NebulaStream is a joint research project between the DIMA group at TU Berlin and the DFKI IAM group. It develops the first general purpose, end-to-end data management system for the IoT. NebulaStream provides an out-of-the box experience with rich data processing functionalities and a high ease-of-use. It addresses the heterogeneity and distribution of compute and data, supports diverse data and programming models going beyond relational algebra, deals with potentially unreliable communication, and enables constant evolution under continuous operation. It therefore combines and innovates state-of-the-art research from various research fields such as cloud, fog, and sensor networks to enable upcoming IoT applications over a unified sensor-fog-cloud environment.
Peel is a framework that helps you to define, execute, analyze, and share experiments for distributed systems and algorithms. A Peel package bundles together the configuration data, datasets, and workload applications required for the execution of a particular collection of experiments. Peel can pecify and maintain collections of experiments using a simple, DI-based configuration, automate the experiment execution lifecycle and extracts, transforms, and loads results into an RDBMS. Peel bundles can be largely decoupled from the underlying operational environment and easily migrated and reproduced to new environments.

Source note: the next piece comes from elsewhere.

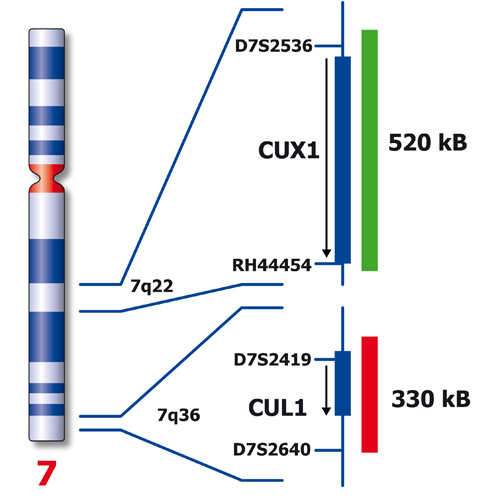Loss of a whole chromosome 7 or a deletion of the long arm, del(7q), are recurring abnormalities in malignant myeloid diseases. Most deletions are interstitial and there are two distinct deleted segments of 7q. The majority of patients have proximal breakpoints in bands q11-22 and distal breakpoints in q31-36. The CCAAT displacement protein CUX1 gene region is located in the 7q22 critical region. The 7q- specific FISH probe is optimized to detect copy number of 7q at 7q22 and at 7q36 simultaneously in a dual-color assay.

Scaler: Image-Scaling Attacks in Machine Learning: The project Scaler is concerned with image-scaling attacks, a new form of attacks that allow an adversary to manipulate images, such that they change their content during downscaling. Image-scaling attacks are a considerable threat, as scaling is omnipresent in computer vision. As part of BIFOLD, we have analyzed these attacks and developed novel defenses that provide strong resilience, even against adaptive attackers. All software of this research is publicly available on the project website.
SchNetPack – Deep Neural Networks for Atomistic Systems is a toolbox for the development and application of deep neural networks to the prediction of potential energy surfaces and other quantum-chemical properties of molecules and materials. It contains basic building blocks of atomistic neural networks, manages their training and provides simple access to common benchmark datasets. This allows for an easy implementation and evaluation of new models. For now, SchNetPack includes implementations of (weighted) atomcentered symmetry functions and the deep tensor neural network SchNet as well as ready-to-use scripts that allow to train these models on molecule and material datasets. Based upon the PyTorch deep learning framework, SchNetPack allows to efficiently apply the neural networks to large datasets with millions of reference calculations as well as parallelize the model across multiple GPUs. Finally, SchNetPack provides an interface to the Atomic Simulation Environment in order to make trained models easily accessible to researchers that are not yet familiar with neural networks.